Only the lines from the top of the records below through the line containing "Fracture surface exhibiting" should be printed, exactly and without pictures.

Entries taken from a collection
★ ★ ★ ★ ★

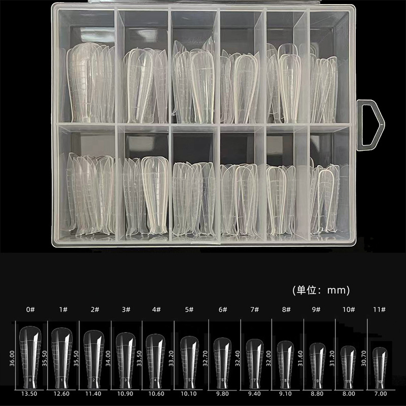 Белая коробка, 100 шт./кор. модели ногтей; 100 шт. 01 жесткая коробка, полипропиленовая форма для ногтей; 120 шт. 02 форма для наращивания ногтей с длинной плоской головкой; 120 шт. 03 форма для наращивания ногтей с каплями воды; 120 шт. форма для ногтей 04; 120 шт. 05 длинных французских бамбуковых трубок для наращивания ногтей; 120 шт. форма для ногтей 06; 120 шт. 07 длинная коническая форма для наращивания ногтей; 120 шт. форма для ногтей 08; Пакет 10 шт./пакет
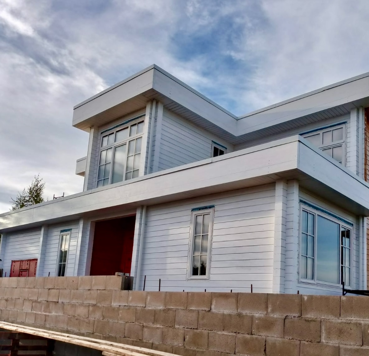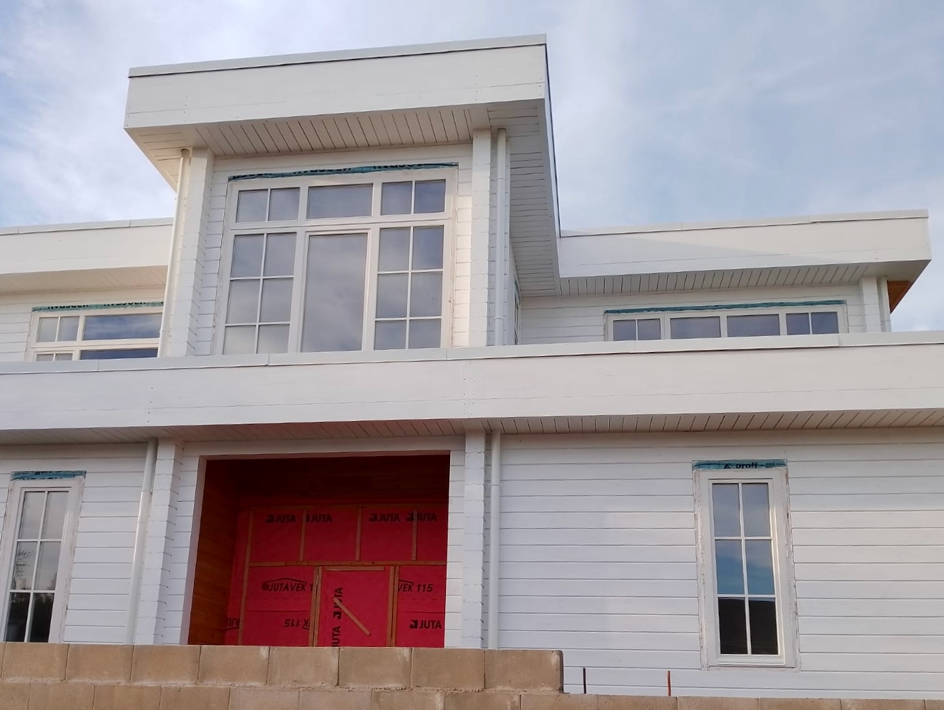 Дом строится из клееного бруса собственного производства из сосны сечением 205х185 мм. Общая площадь дома составляет 426,98 квадратных метров. Это полностью индивидуальный проект нашего заказчика.
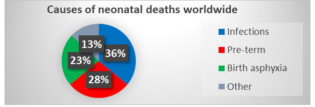 Neonatal death (NND): Death during the first 28 days of life (0-27 days). Neonatal mortality rate (NMR): Number of neonatal deaths per 1000 live births. 130 million infants born each year worldwide among them 4 million die in the first 28 days of life [2-4]. Newborn or neonatal deaths account for 45% of all deaths among children under five. Majority of all neonatal deaths (75%) occur during the first week of life and 25% to 45% occur within the first 24 hours [5]. The three major causes of neonatal deaths worldwide are: (In chart-1) [6]. • Infections which includes sepsis/pneumonia, tetanus and diarrhea (36%).• Pre-term (28%).• Birth asphyxia (23%).
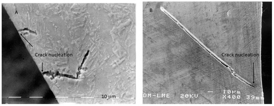 Fracture surface exhibiting crack nucleation from the surface for an implant that was subjected to TiO2 abrasive (A) and crack nucleation at a crack nucleation distance of 7 to 10 μm from the surface for the case of abrasion with Al2O3 particles (B). (Adapted from Reference [49]).
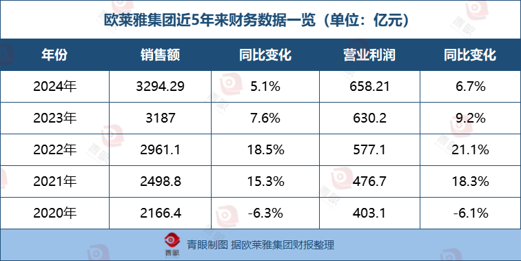 青眼梳理欧莱雅集团过去五年的财务数据发现,2020年-2024年,该公司的销售额和营业利润整体呈稳步增长态势。2024年,欧莱雅集团业绩创下历史新高,销售额达3294.29亿元,营业利润为658.21亿元。
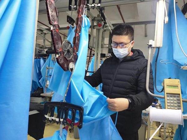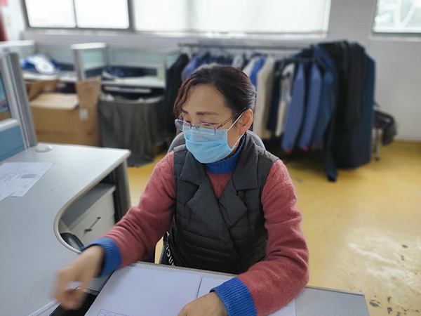 生產(chǎn)任務(wù)更艱巨,面料顏色要求比較特殊,而目前防護(hù)材料又是全球緊缺物資,因此,解決3月1日上午出運(yùn)的3.8萬(wàn)件面料問(wèn)題,最為關(guān)鍵。老黨員顧彩紅再次自動(dòng)請(qǐng)纓,挑下采購(gòu)面料的重?fù)?dān)。
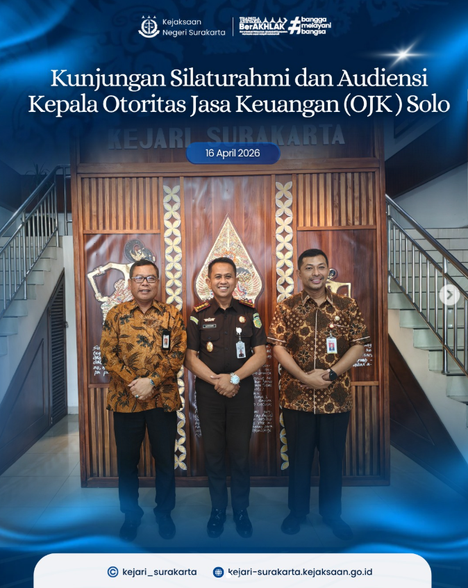 Kejaksaan Negeri Surakarta menerima kunjungan silaturahmi dan audiensi dari Kepala Otoritas Jasa Keuangan (OJK) Solo
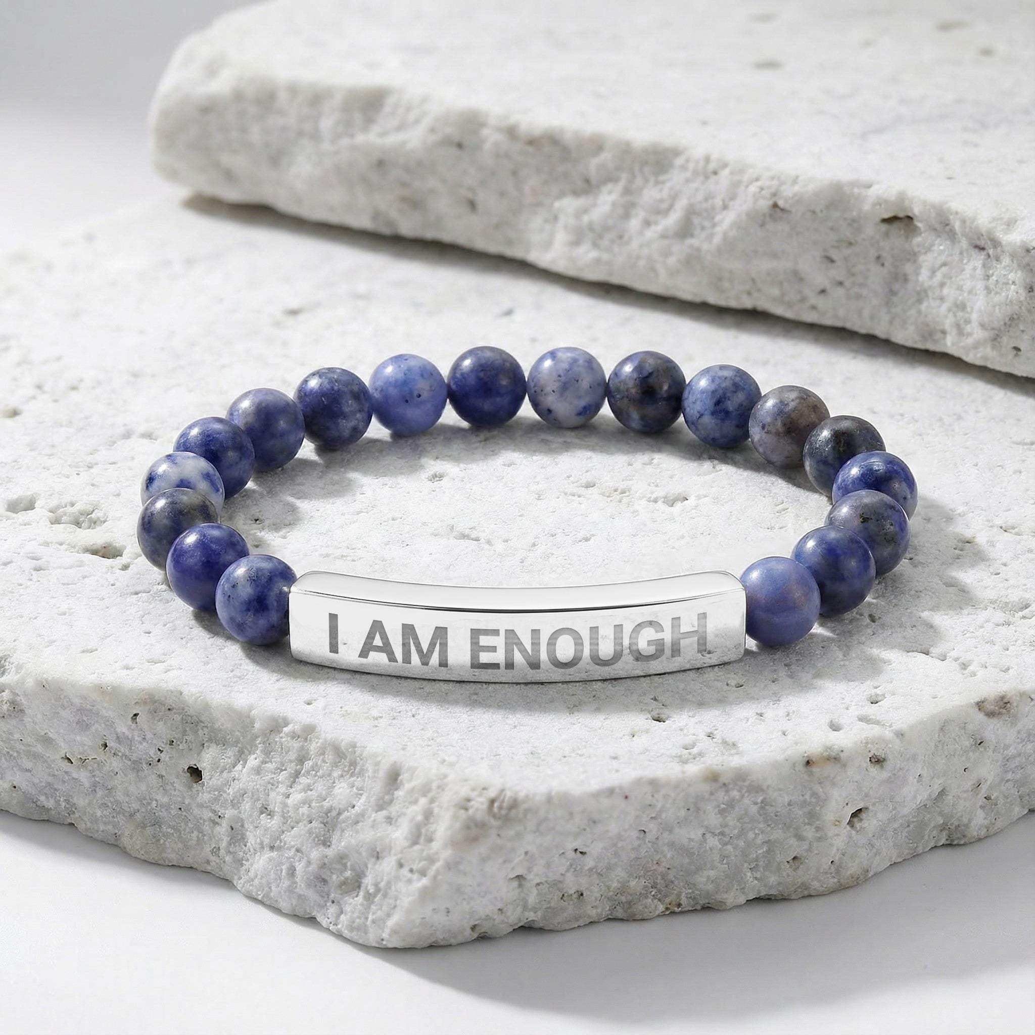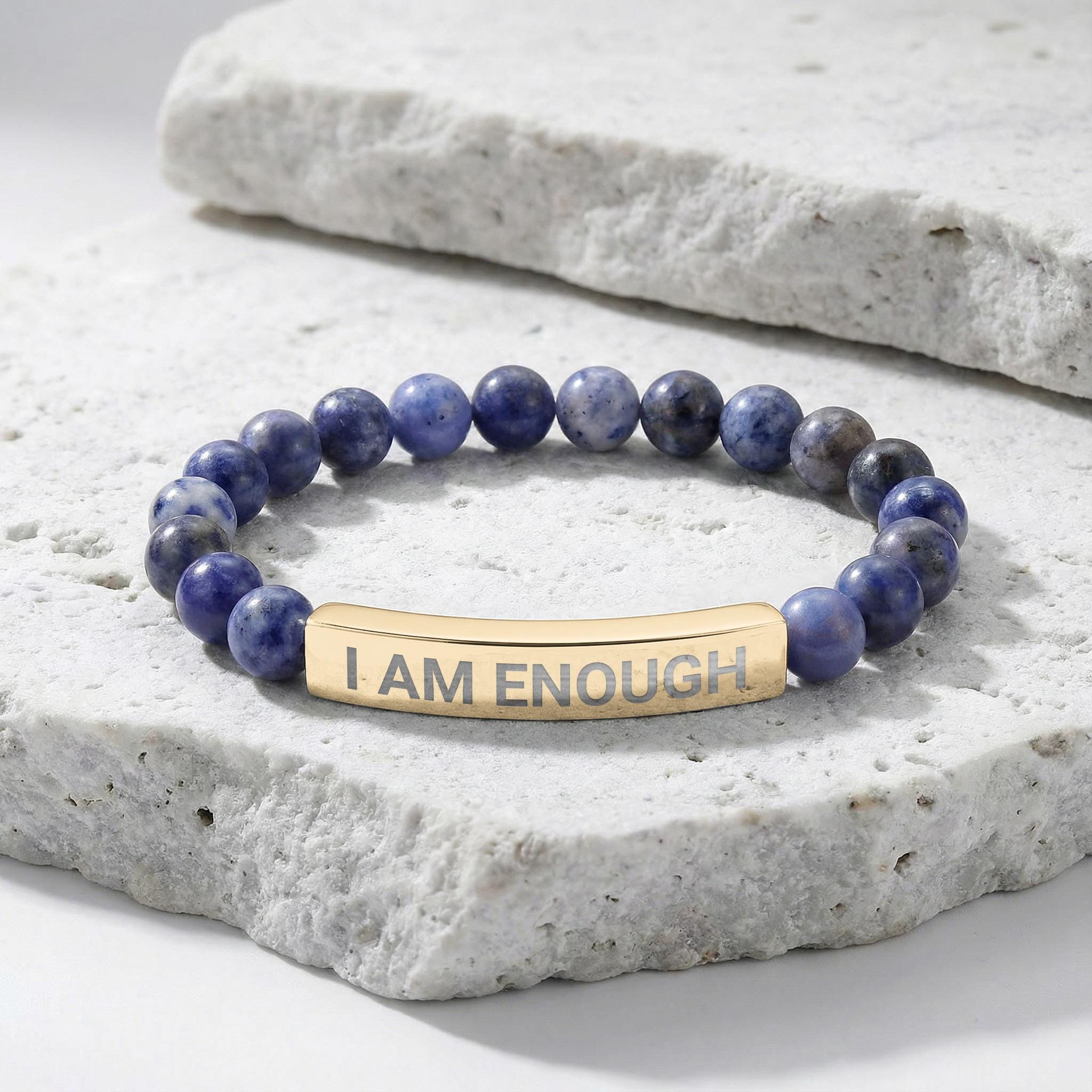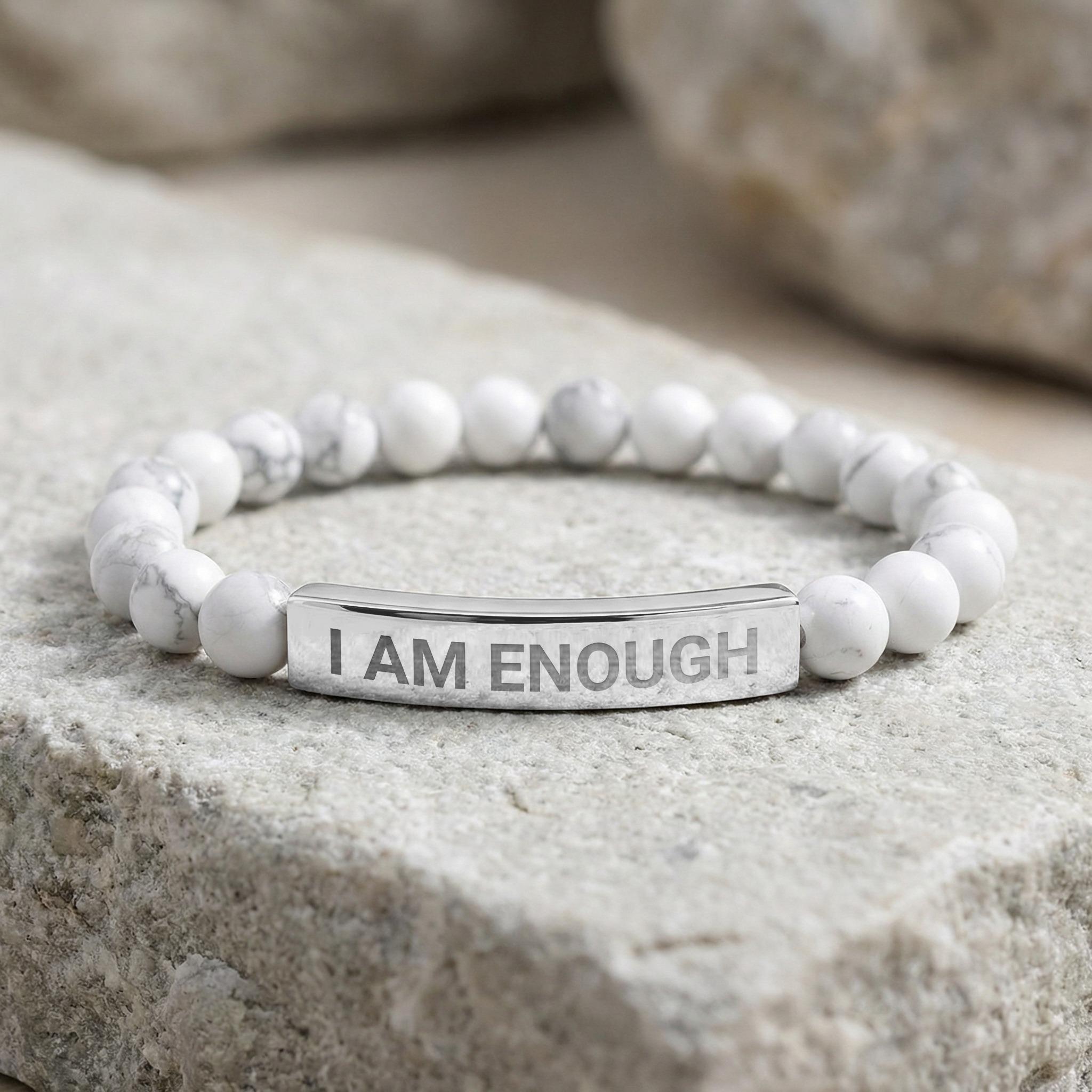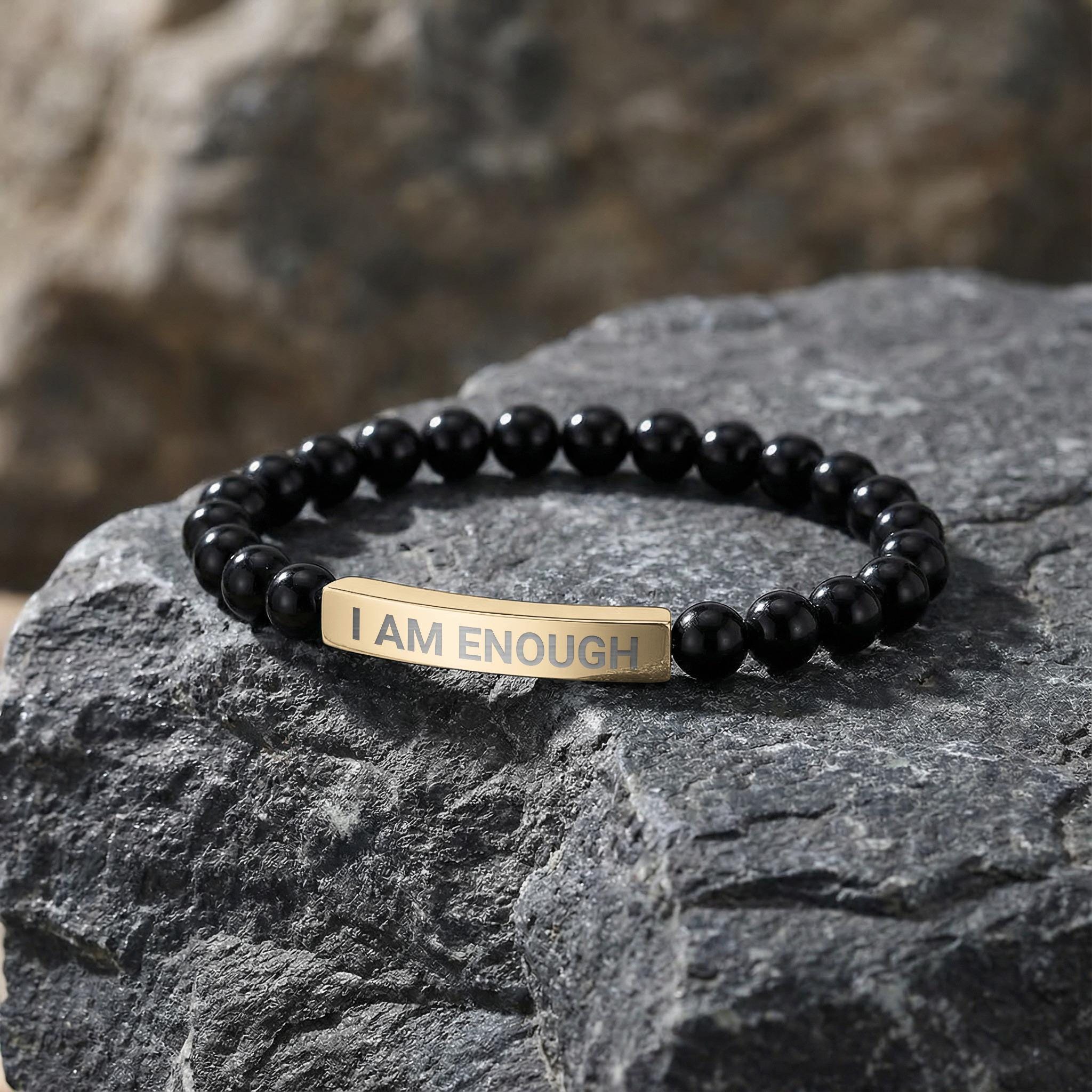 • Elegant cuff bangle featuring the empowering engraved phrase "I AM ENOUGH" or your custom personalized message
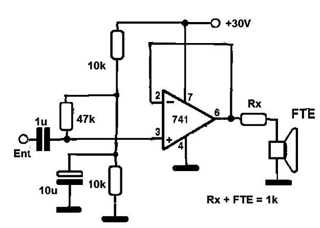 Adaptamos este circuito que se encuentra en la Radio Electrónica de marzo de 1990. La revista ya no existe, pero el circuito se puede montar fácilmente. En lugar de Rx y un altavoz de baja impedancia se puede utilizar con un pequeño transformador de radio transistorizado. La fuente de alimentación no necesita ser simétrica y es de 6 a 30 V. Esto es una versión mejorada del circuito anterior, con un mejor rendimiento y estabilidad. La ventaja de este circuito es el uso de una sola fuente de alimentación. La impedancia de entrada es alta y la fuente debe tener una excelente filtraje.
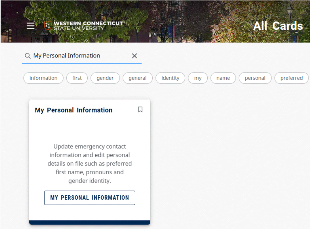 - Enter Personal Information into Find cards to filter to the My Personal Information card

★ ★ ★ ★ ★

== THE COMPLETED TASK ==
 Белая коробка, 100 шт./кор. модели ногтей; 100 шт. 01 жесткая коробка, полипропиленовая форма для ногтей; 120 шт. 02 форма для наращивания ногтей с длинной плоской головкой; 120 шт. 03 форма для наращивания ногтей с каплями воды; 120 шт. форма для ногтей 04; 120 шт. 05 длинных французских бамбуковых трубок для наращивания ногтей; 120 шт. форма для ногтей 06; 120 шт. 07 длинная коническая форма для наращивания ногтей; 120 шт. форма для ногтей 08; Пакет 10 шт./пакет
 Дом строится из клееного бруса собственного производства из сосны сечением 205х185 мм. Общая площадь дома составляет 426,98 квадратных метров. Это полностью индивидуальный проект нашего заказчика.
 Neonatal death (NND): Death during the first 28 days of life (0-27 days). Neonatal mortality rate (NMR): Number of neonatal deaths per 1000 live births. 130 million infants born each year worldwide among them 4 million die in the first 28 days of life [2-4]. Newborn or neonatal deaths account for 45% of all deaths among children under five. Majority of all neonatal deaths (75%) occur during the first week of life and 25% to 45% occur within the first 24 hours [5]. The three major causes of neonatal deaths worldwide are: (In chart-1) [6]. • Infections which includes sepsis/pneumonia, tetanus and diarrhea (36%).• Pre-term (28%).• Birth asphyxia (23%).
 Fracture surface exhibiting crack nucleation from the surface for an implant that was subjected to TiO2 abrasive (A) and crack nucleation at a crack nucleation distance of 7 to 10 μm from the surface for the case of abrasion with Al2O3 particles (B). (Adapted from Reference [49]).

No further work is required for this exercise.